== Segment start ==
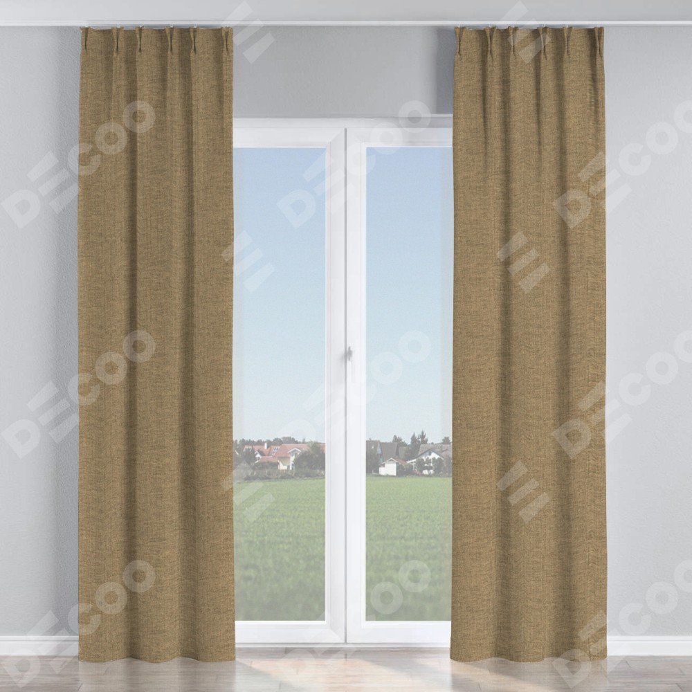 Комплект прямых штор, от производителя «Cortin», пошиты из ткани стиф димаут тёмно-бежевый, артикул ткани 18085. С изнаночной стороны в верхней части штор пристрачивается шторная лента с декоративными складками «Кустик». Для создания элегантных складок прямые шторы шьются по стандарту с коэффициентом 1:2 (на 100 см. ширины проёма 200 см. ширины ткани).
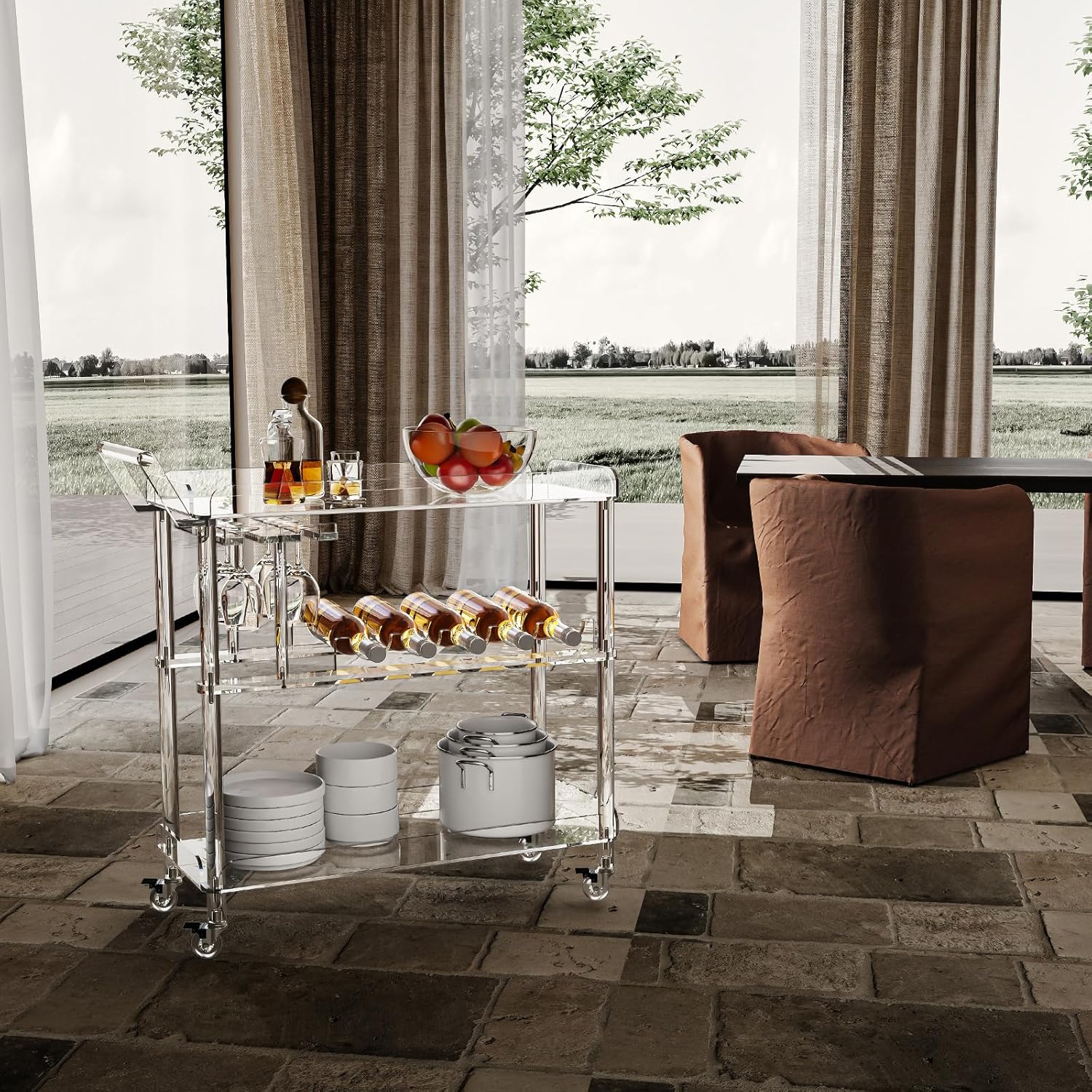 - Functional Acrylic Cart: This bar cart comes with wine rack that can hold up to 6 wine glasses and 5 compartments for wine bottle storage. The fenced edges prevent your items from falling while the cart is moving.
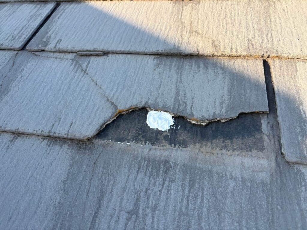 厚木市林の現場では、前回ご紹介した通り、屋根材が割れて一部が落下し、
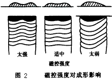1)磁控裝置。隨著焊速的提高,焊接電流也要相應(yīng)增加,則磁收縮力就會(huì)成平方倍的增加,咬邊會(huì)更嚴(yán)重,故必須加大磁控電流,但磁控電流過(guò)大,勵(lì)磁繞組發(fā)熱嚴(yán)重,降低使用壽命。為了在較低磁控電流下,增加磁控效果,應(yīng)采取相應(yīng)措施。如有時(shí)研究采用帶有一定角度可轉(zhuǎn)動(dòng)的磁極端頭和附加磁極極靴等措施,收到了較好的效果。
== Segment end ==
The problem: Using the listing above, copy every line from the line containing "- Functional Acrylic" through the last one, both included, and no other lines. Pictures stay out.

Completed task:
 - Functional Acrylic Cart: This bar cart comes with wine rack that can hold up to 6 wine glasses and 5 compartments for wine bottle storage. The fenced edges prevent your items from falling while the cart is moving.
 厚木市林の現場では、前回ご紹介した通り、屋根材が割れて一部が落下し、
1)磁控裝置。隨著焊速的提高,焊接電流也要相應(yīng)增加,則磁收縮力就會(huì)成平方倍的增加,咬邊會(huì)更嚴(yán)重,故必須加大磁控電流,但磁控電流過(guò)大,勵(lì)磁繞組發(fā)熱嚴(yán)重,降低使用壽命。為了在較低磁控電流下,增加磁控效果,應(yīng)采取相應(yīng)措施。如有時(shí)研究采用帶有一定角度可轉(zhuǎn)動(dòng)的磁極端頭和附加磁極極靴等措施,收到了較好的效果。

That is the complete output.